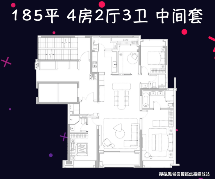中间套185平4房3卫,总价2188—2804万,采用四叶草布局,空间没有太多过道浪费,两个南向套房设计也比较实用。
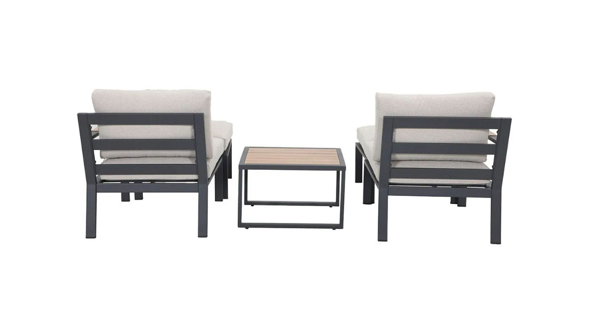 Rám zahradního setu Kora je kompletně vyroben z hliníku, což mu zajišťuje lehkou, pevnou a na údržbu nenáročnou základnu. Odkládací plocha stolku a područky jsou opatřeny povrchem v dokonalé imitaci teakového dřeva, který dodává modernímu, čistému designu hřejivý a přirozený vzhled. Tato kombinace materiálů se perfektně hodí do současných venkovních prostor. Souprava je dodávána s pohodlnými sedáky a opěrnými polštáři.
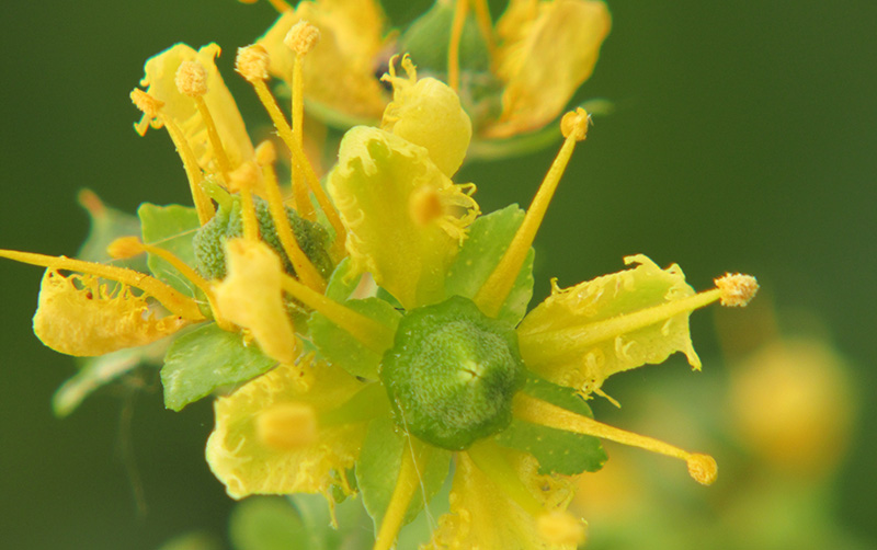 Rue is contraindicated among pregnant women. Take care if applying rue to the skin as the interaction with the sun may cause irritation or blistering in some people.
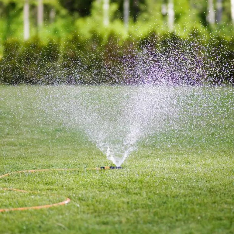 Ruostumaton metallisprinkleri, pyöreä. Vakiokytkin – sopii muiden valmistajien kanssa. Puutarhakoko S, 0-150 m2.
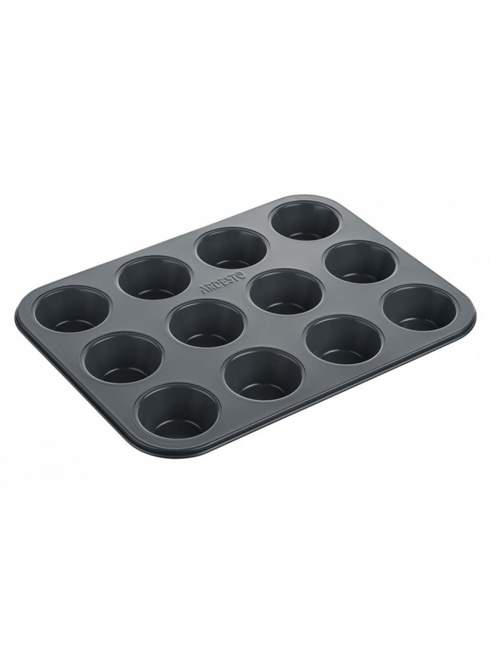 Форма для випікання мафінів Ardesto Gemini, 35х26.5х3см, 12шт, вуглецева сталь, сірий
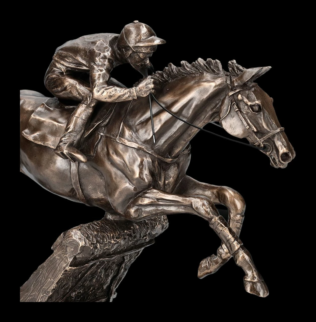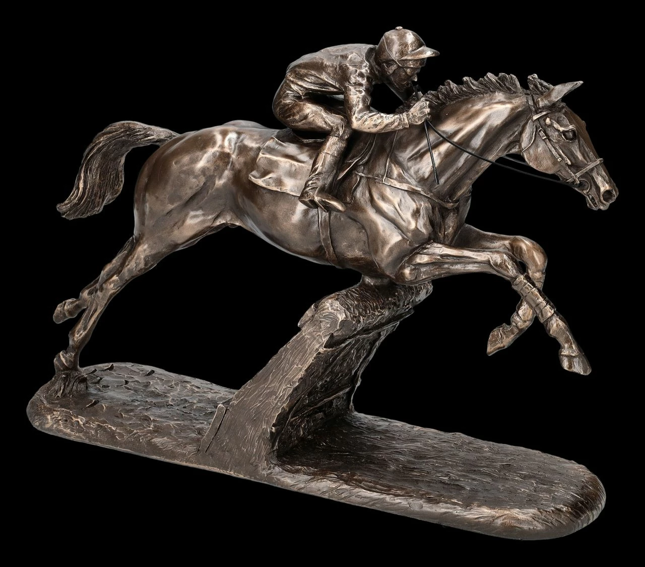 Eine wunderbare Skulptur der in England lebenden Künstlerin Harriet Glen ist diese Reiterfigur bei einem Hürden-Rennen. In der schwungvollen Bewegung und auch in der Haltung des Jockeys, der mit seinem Pferd beinahe verwachsen scheint, kommt die Kunst von Harriet Glen bei dieser kraftvollen Skulptur besonders gut zur Geltung. Schon früh hatte die Künstlerin mit kleinen Pferdeskulpturen begonnen und sie mittlerweile perfektioniert. Inzwischen lebt Harriet Glen in Dorset und kann da von ihrem Atelier aus auf Pferde und Wildtiere blicken. Davon inspiriert entstehen ihre fantastischen Skulpturen, die mittlerweile zu wahren Sammelobjekten geworden sind. Die elegante, 26 cm hohe, 34,5 cm breite und 10 cm tiefe Reiter-Figur beim Hürden Rennen wurde aus edel bronziertem Kunststein (Polyresin) gefertigt und ist eine wirklich herrliche Deko für das Sideboard oder den Schreibtisch. Die kraftvolle Figur ist aber auch ein perfektes Geschenk für Reiter und für Pferdefans. In unserem Shop gibt es weitere Arbeiten der berühmten Künstlerin Harriet Glen
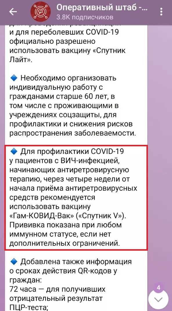 Отметим, что до репоста материала «Кубань 24» тот же оперштаб Краснодарского края 7 сентября 2021 года публиковал другую информацию о вакцинации ВИЧ-положительных людей, где говорилось, что независимо от иммунного статуса рекомендуется сделать прививку, лучше — «Спутником V». Если человек только начинает принимать антиретровирусные препараты, прививку стоит поставить после четырех недель терапии.
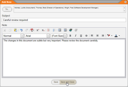 When assigning writers, reviewers, approvers, and readers in the Properties Wizard, you can include a note with instructions or other information concerning the writing, reviewing, approving, or reading of the document. Any note you write is included in the task notification email sent to assignees as soon as the document moves to the stage for which the note was written. For example, if you include a note while working on step 4. Reviewers, that note will be sent as soon as the document goes to review. An assignee can also access a note from within the document (see Reviewing Notes for details).
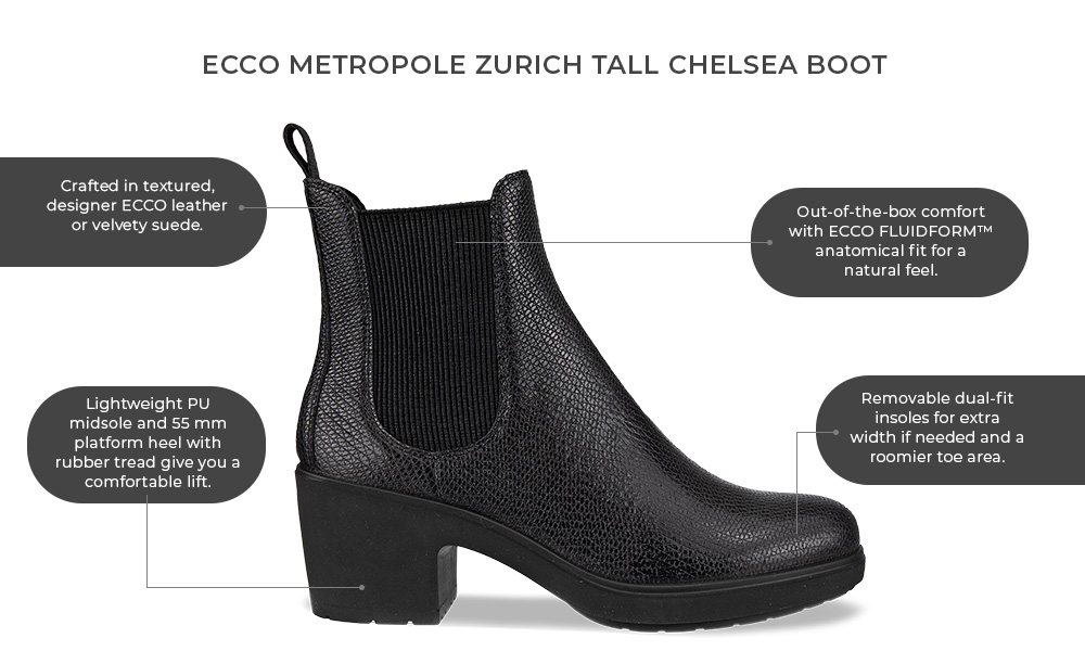 تضع ECCO معايير جديدة للراحة والأناقة والموثوقية مع أحذية ECCO METROPOLE ZURICH Chelsea. يظل حذاء تشيلسي الأيقوني على الموضة إلى الأبد بسبب تنوعه الكبير ولكن تم ترقيته ليوفر لك الراحة المميزة من ECCO. سيضفي جلد ECCO المزخرف الخاص بالحذاء عنصرًا مميزًا على مظهرك. توفر لك الجوانب المطاطية المعززة وعروات السحب إمكانية الارتداء والخلع بسهولة. سيمنحك كعبه الأساسي الذي يبلغ طوله 55 ملم ارتفاعًا رشيقًا. ارتديها مع فستان ماكسي انسيابي أو بنطال واسع لإبراز التصميم الراقي.
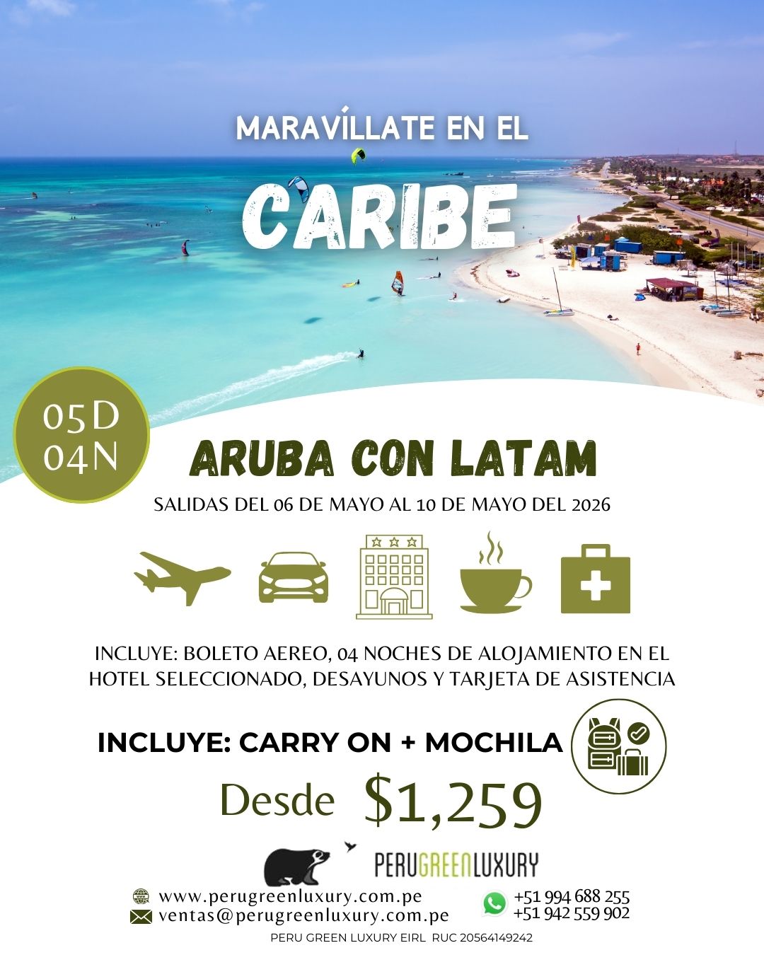 - Boleto aéreo: Lima / Aruba / Lima

* * * * * * *

Instructions to follow
Your answer should be the lines above, word for word, from the line with "Ruostumaton metallisprinkleri, pyöreä." through the line with "Eine wunderbare Skulptur", minus the pictures.

Result for this task
 Ruostumaton metallisprinkleri, pyöreä. Vakiokytkin – sopii muiden valmistajien kanssa. Puutarhakoko S, 0-150 m2.
 Форма для випікання мафінів Ardesto Gemini, 35х26.5х3см, 12шт, вуглецева сталь, сірий
 Eine wunderbare Skulptur der in England lebenden Künstlerin Harriet Glen ist diese Reiterfigur bei einem Hürden-Rennen. In der schwungvollen Bewegung und auch in der Haltung des Jockeys, der mit seinem Pferd beinahe verwachsen scheint, kommt die Kunst von Harriet Glen bei dieser kraftvollen Skulptur besonders gut zur Geltung. Schon früh hatte die Künstlerin mit kleinen Pferdeskulpturen begonnen und sie mittlerweile perfektioniert. Inzwischen lebt Harriet Glen in Dorset und kann da von ihrem Atelier aus auf Pferde und Wildtiere blicken. Davon inspiriert entstehen ihre fantastischen Skulpturen, die mittlerweile zu wahren Sammelobjekten geworden sind. Die elegante, 26 cm hohe, 34,5 cm breite und 10 cm tiefe Reiter-Figur beim Hürden Rennen wurde aus edel bronziertem Kunststein (Polyresin) gefertigt und ist eine wirklich herrliche Deko für das Sideboard oder den Schreibtisch. Die kraftvolle Figur ist aber auch ein perfektes Geschenk für Reiter und für Pferdefans. In unserem Shop gibt es weitere Arbeiten der berühmten Künstlerin Harriet Glen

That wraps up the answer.